Keep It Real, Keep it Relevant, Keep It Updated

Create action statements that are relevant to the objective of the biography. It is a common mistake to truncate the importance of a statement, or to run on for sentences without relaying any actual information. The aim is to achieve balance in how much information is revealed.

No: “Jane is passionate about art.”
No: “Jane has always loved art made by women.”
Yes: “Jane’s work reflects her life-long relationship with women in art.”

Update the biography biannually or annually with new information as accomplishments build. Outdated or less relevant information can be removed as new accomplishments are achieved.

Proof and Have Proofed

A seamless biography conveys attention to detail, an asset to any professional. Ask a trusted colleague to read the biography. An objective party can often catch an important detail that was left out. An informational disconnect can occur after sentence structure has been repeatedly changed or rearranged.

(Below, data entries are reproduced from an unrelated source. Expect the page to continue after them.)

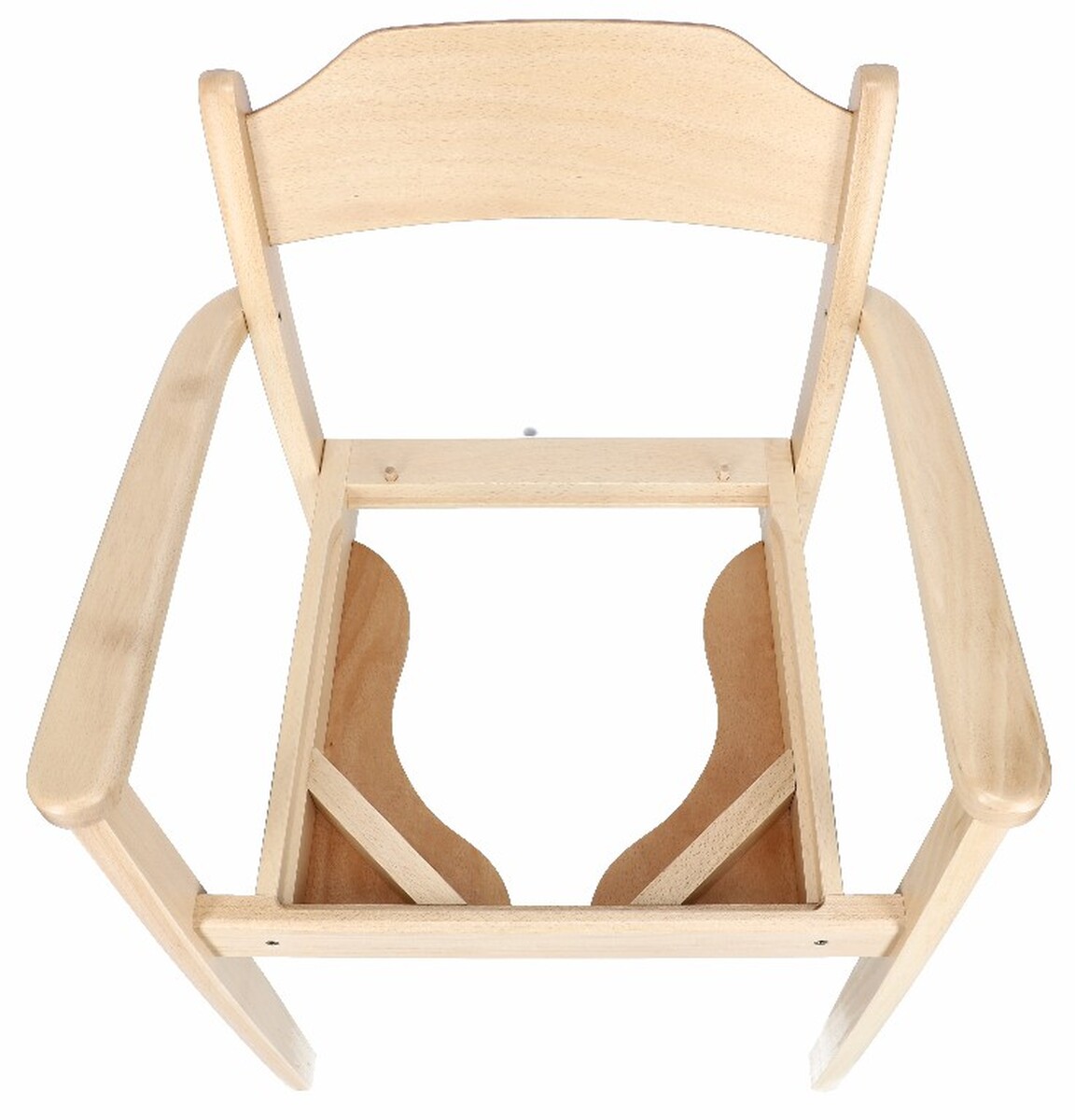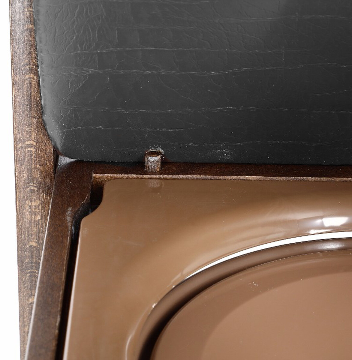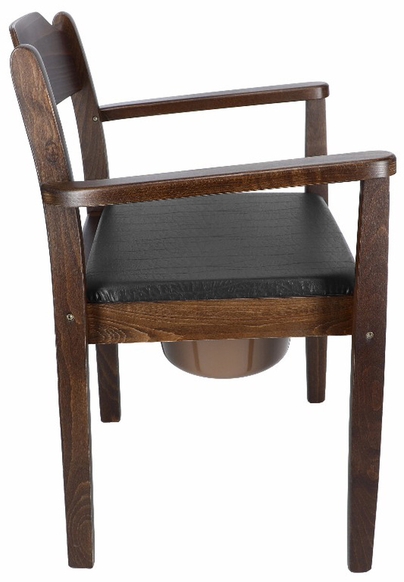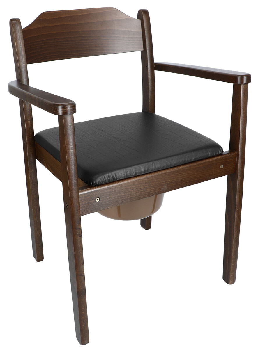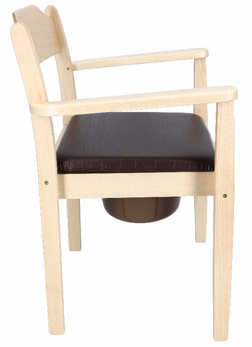 Drevená toaletná stolička s drevenou opierkou slúži ako náhrada WC pre pacientov, ktorí majú pohybové problémy.
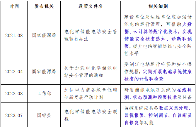 表4. 加強儲能主動安全建設(shè)的政策號召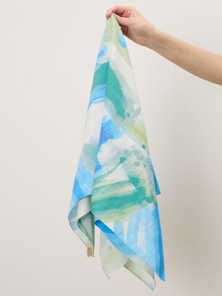 Платок легко адаптируется под разные образы. Его можно носить на шее, как накидку на плечи, в волосах или использовать как акцент на сумке. За счёт размера добавляет объём, но остаётся лёгким и комфортным.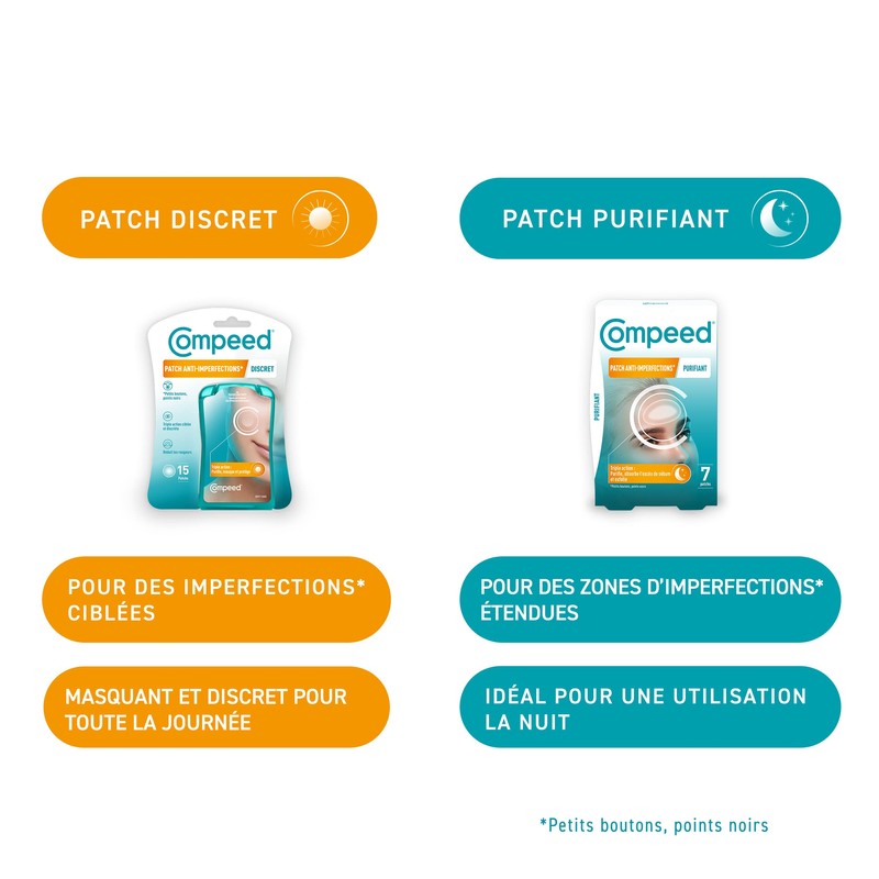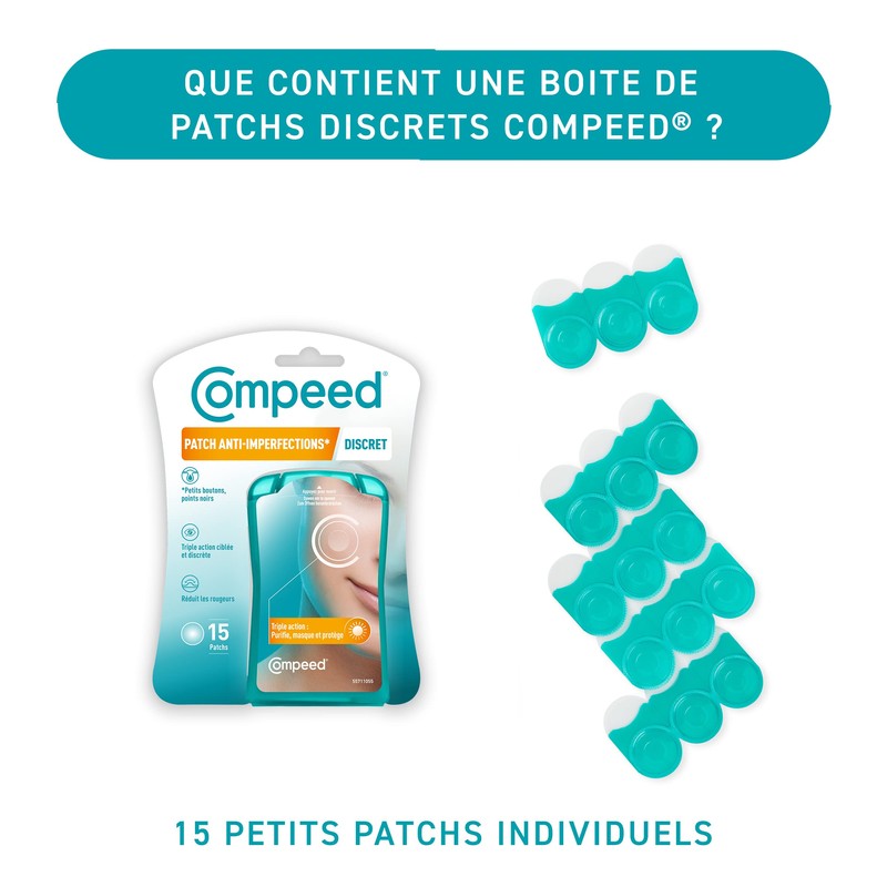 Compeed - Discreet Imperfection Patches - Hydrocolloid Patches - Ideal for Discreet Day Use - Targeted Imperfections - 15 Patches - 1.5 x 1.5cm Blackheads and Small Buttons

Things to consider while proofreading:

• Spelling, grammar and errors
• Flow and coherency
• Reader engagement

When applying for a grant or a project with guidelines, be sure to note if there are specific instructions regarding the length or content of your biography.

Good luck!

About the Writer

Karen Kopacz is a graphic and Web designer living in St. Paul, MN. Her freelance enterprise, Design for the Arts, provides design, strategy and consultation for artists, writers and creative businesses of all types.

Karen is director and founder of the monthly-published, online arts & literature magazine Mental Contagion, launched in 2000. She was a panel member of Fostering New Culture on the Internet in SXSW's 2005 Interactive Festival, and is the founder and curator of Reconnect, a ‘Mobile Art Gallery’ series that takes place at various locations in the Minneapolis-St. Paul area to help build connections between local artists, business owners and the community.

Karen's Web design has been featured in the design anthology Portfolios Online. She has been on the board of directors for the Twin Cities Fine Arts Organization, is a former art director of First Avenue’s in-house magazine, has been a columnist and photographer for and has collaborated with artists, musicians, photographers, copywriters and editors for more years than she cares to admit.